There is an opportunity to learn from identifying elements of communication that have worked well and should be continued as well as elements of communication that could be developed or improved. This is especially true in a group situation where participants will have different strengths.

  1. Be descriptive rather than evaluative.

Focus on what was actually said and done rather than how you felt it went. Be careful to describe what happened and what the consequence was. Then encourage the practitioner to reflect on this. Avoid making assumptions about feelings and also adding your own feelings about an interaction. Avoid accusing or blaming the practitioner.

For examample, “When you turned to the computer screen, eye contact was broken and the patient stopped talking” rather than “You didn’t make a very good job of encouraging the patient to talk”.

  1. Focus on a few elements

If there are several issues that need addressing, choose the most pressing as it will not be possible for the practitioner to take in feedback on all of the elements at once and having too many areas highlighted for improvement could also be demoralising. Be selective and focus on two or three areas that could be changed and remind yourself to look out for the other areas on a different occasion.

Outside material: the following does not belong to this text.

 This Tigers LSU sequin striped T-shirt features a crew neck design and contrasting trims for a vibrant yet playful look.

  1. Be specific, not general

Make reference specifically to actual parts of the interaction rather than making vague generalisations. Give examples of what was actually said or done and what the patient response was.

For example, “When you asked an open question at the beginning you gave the patient an opportunity to explain their ideas and concerns in their own words” rather than “you started off well”.

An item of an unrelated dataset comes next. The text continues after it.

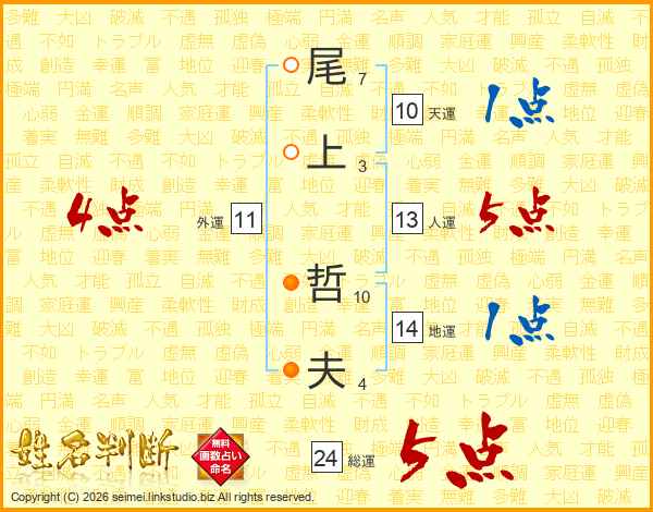 尾(7画)上(3画) 哲(10画)夫(4画)

  1. Refer to behaviours that can be changed and not personality traits

Focus on what is actually said and done and could be either repeated or changed another time. Be sensitive to elements of an interaction that relate personal characteristics or features that might not be changed. Try to phrase feedback so that the focus is non-judgemental and refers to the behaviour rather than the person.

For example, “Throughout the consultation you were talking a lot of the time and there weren’t many pauses” rather than “You are quite a chatterbox, you didn’t let him get a word in edgeways!”

  1. Encourage the practitioner to suggest and practise alternative approaches.

If the practitioner is struggling to think of different approaches, make suggestions or recommendations yourself. Encourage the practitioner to try these out saying the actual words they would use if they were faced with the situation again.